On that Thursday night, more than fifty teenagers gathered around the fence of the abandoned hospital. The air was cold, and the wind pushed the rusted metal gates, making a sharp creaking sound… a sound that felt like something was trying to come out… or get in.
From a distance, the building was completely dark—except for one window on the second floor. A window people always claimed would light up on its own, even though the place had no electricity.
The boys entered through a gap in the back fence. The moment they stepped into the courtyard, the sounds of the street disappeared—completely. It was as if the place swallowed sound itself. Even the dogs barking earlier had suddenly gone silent.
Inside the main entrance, the walls were covered in writing—some sprayed with paint, others carved in with what looked like fingernails.
One phrase kept repeating:
“Leave… before he hears you.”
And with their first step into the long hallway, they heard it.
Not screaming.
Not crying.
It was the sound of something being dragged across the floor, like a heavy body pulled from room to room.
The boys froze for a moment, fear in their eyes even if none dared admit it aloud, then kept walking. At the end of the hall, they noticed the operating room door half-open… and inside, a faint light flickering like a dying bulb.
One of them whispered, voice trembling:
“We didn’t bring flashlights… so where’s that light coming from?”
Before anyone could answer, something slammed the door from the inside, and the light went out.
One boy screamed, and suddenly they were running in every direction as they heard footsteps—not human footsteps, but many footsteps at once—moving across the ceiling.
In the middle of the chaos, a smell of smoke filled the air… fire.
But the shocking part wasn’t the fire itself.
The fire had started in a corner none of them had entered.
It climbed up the walls as if someone was pushing it upward, not like natural flames spreading.
And stranger than the fire…
was the shadow.
A tall, impossibly thin shadow moving against the direction of the flames, as if it was feeding off them.

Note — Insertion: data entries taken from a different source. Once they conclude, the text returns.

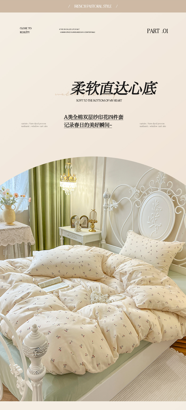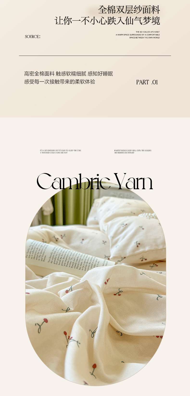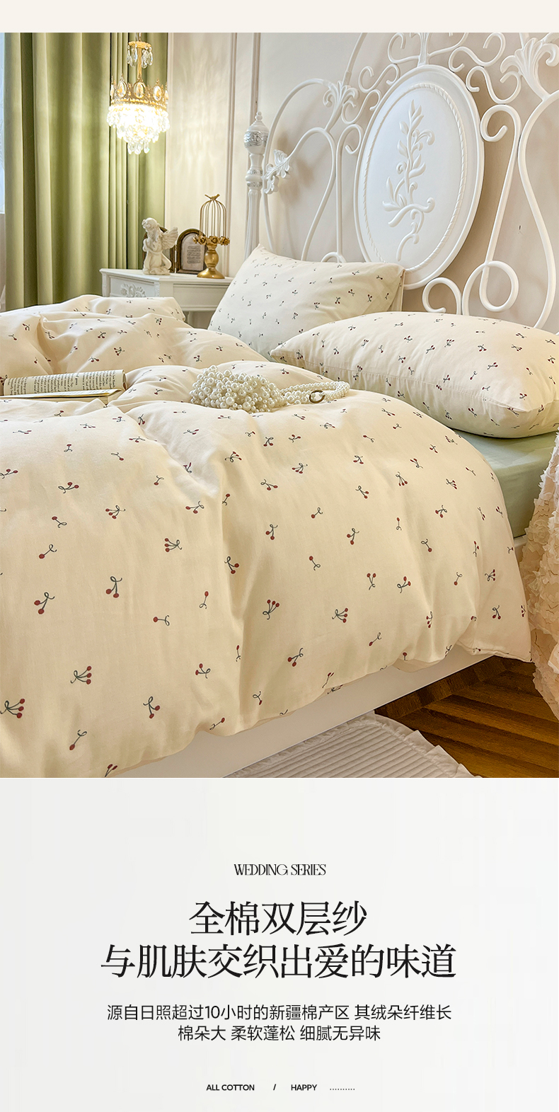 当前位置: 91家纺网 > 商品网购 > 床品套件 > 四件套 > 双层纱四件套 > 麒豆豆 2024款全棉双层纱四件套小果果-红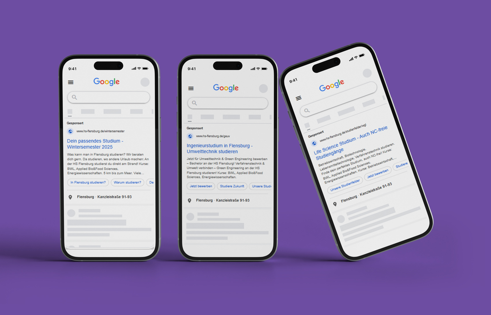 Für die Bewerbungsphasen unterstützen wir die HS Flensburg mit Kampagnen auf zahlreichen, essenziellen Plattformen.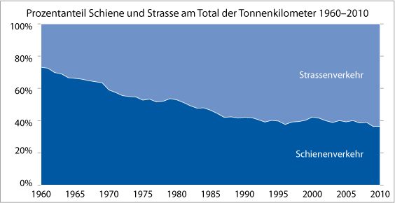 Güterverkehr: Anteil Schiene and Strasse 1960-2010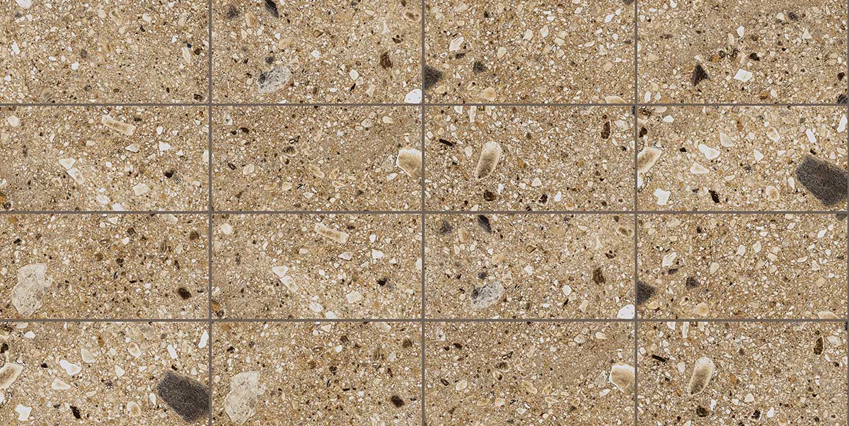 - Composizione cromatica calda ad alta espressività: La combinazione di beige minerali e inclusioni più scure genera superfici accoglienti ma mai monotone, ideali per valorizzare spazi outdoor contemporanei.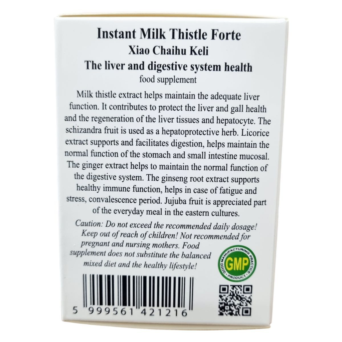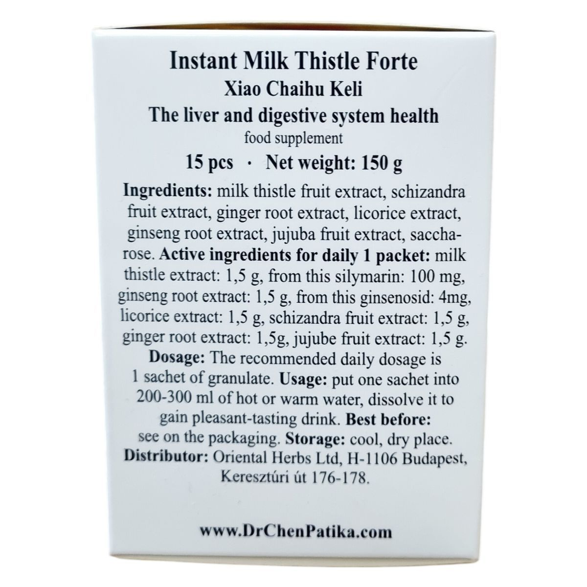 A termék hatóanyagai között szerepel a máriatövis-kivonat, amely segítheti a megfelelő májfunkció fenntartását, hozzájárulhat a máj és az epe egészségének megőrzéséhez, valamint a májsejtek regenerálódásához. A schizandra gyümölcs májvédő gyógynövényként ismert, míg az édesgyökér-kivonat támogathatja az emésztést és segítheti a gyomor és a vékonybél nyálkahártyájának normál működését. A gyömbér-kivonat hozzájárulhat az emésztőrendszer normál működéséhez. A ginseng gyökérkivonat támogathatja az immunrendszer egészséges működését, és segítséget nyújthat fáradtság, stressz vagy lábadozási időszak esetén. A jujuba gyümölcs a keleti kultúrákban értékelt része a mindennapi táplálkozásnak. A készítmény aromazáró csomagolásban érkezik, mely megőrzi az összetevők frissességét, és könnyen elkészíthető, kellemes ízű italként fogyasztható. Nem helyettesíti a kiegyensúlyozott étrendet és az egészséges életmódot.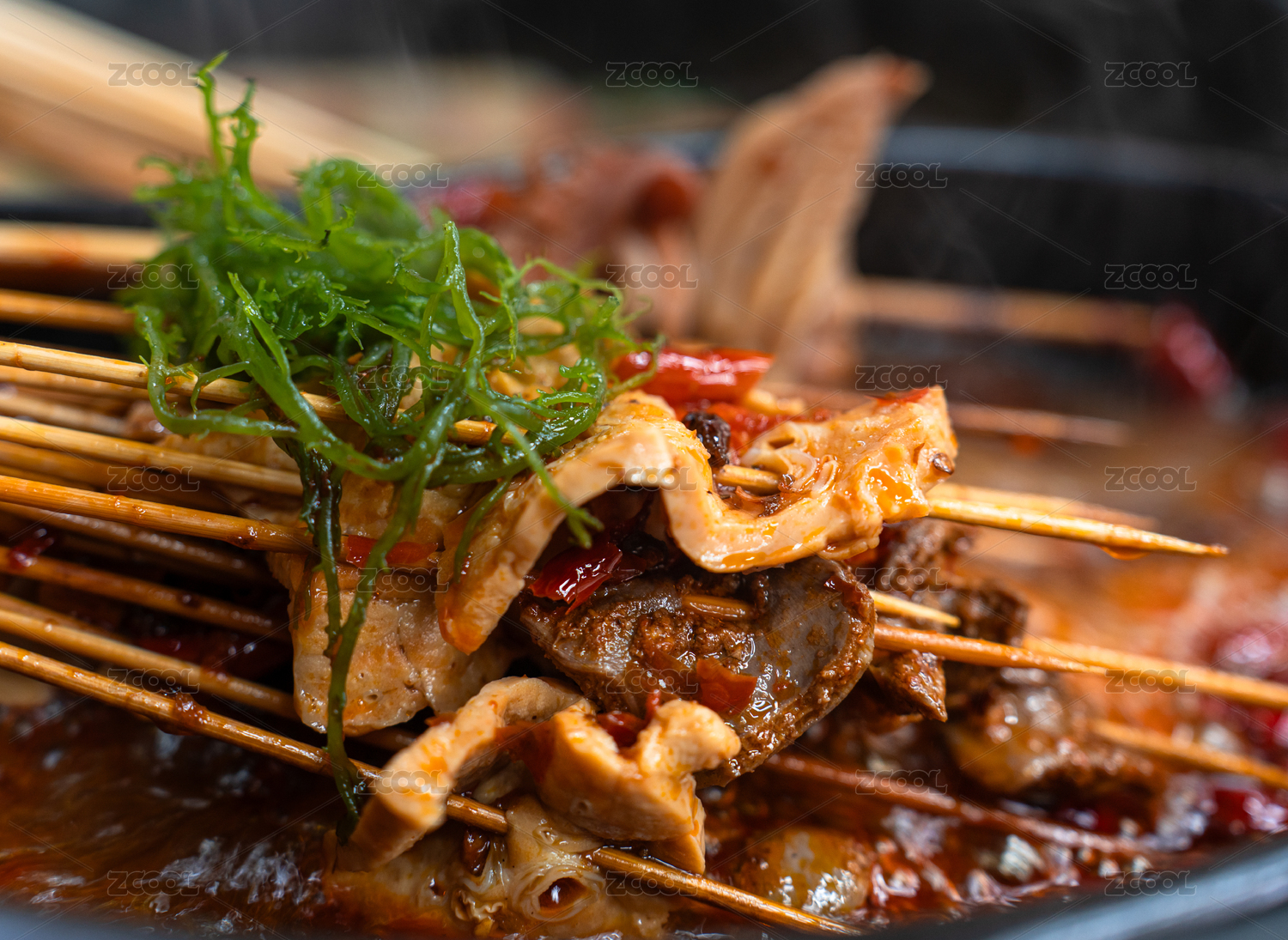 竹簽上穿的四川傳統(tǒng)美食火鍋串串香各類食材

Amid their screaming and desperate run toward the exit, they all heard a voice—one none of them ever forgot:
“Finally… you woke me up.”
They burst out into the street, some fainting from fear.
By the next morning, the place was sealed completely with concrete, cutting off all access.
But the people living in the nearby houses…
They still swear that every dawn, they see a faint light in that same second-floor window.
And on Fridays… they hear a child crying.